__Required action__.
Copy out the data exactly, leaving the pictures behind.

__Given material__.

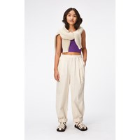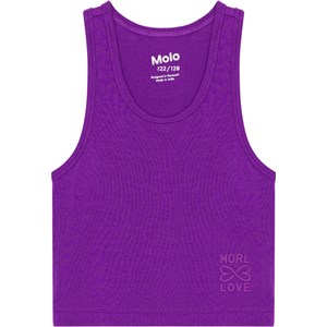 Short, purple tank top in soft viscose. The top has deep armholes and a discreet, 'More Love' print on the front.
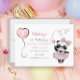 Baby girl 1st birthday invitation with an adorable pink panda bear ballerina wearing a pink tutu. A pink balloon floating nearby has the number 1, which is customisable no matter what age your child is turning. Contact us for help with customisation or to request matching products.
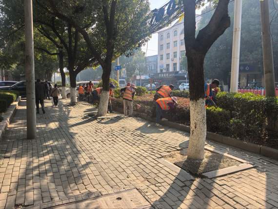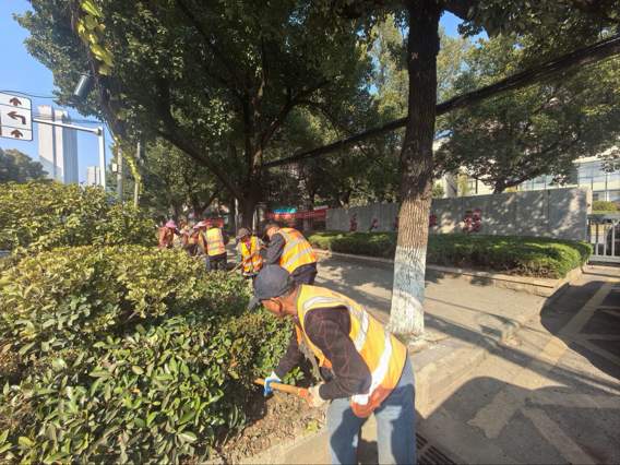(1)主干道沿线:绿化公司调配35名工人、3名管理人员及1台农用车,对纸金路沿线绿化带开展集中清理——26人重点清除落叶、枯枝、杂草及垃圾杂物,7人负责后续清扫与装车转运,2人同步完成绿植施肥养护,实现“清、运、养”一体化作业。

__Solution to the problem__.
 Short, purple tank top in soft viscose. The top has deep armholes and a discreet, 'More Love' print on the front.
 Baby girl 1st birthday invitation with an adorable pink panda bear ballerina wearing a pink tutu. A pink balloon floating nearby has the number 1, which is customisable no matter what age your child is turning. Contact us for help with customisation or to request matching products.
(1)主干道沿线:绿化公司调配35名工人、3名管理人员及1台农用车,对纸金路沿线绿化带开展集中清理——26人重点清除落叶、枯枝、杂草及垃圾杂物,7人负责后续清扫与装车转运,2人同步完成绿植施肥养护,实现“清、运、养”一体化作业。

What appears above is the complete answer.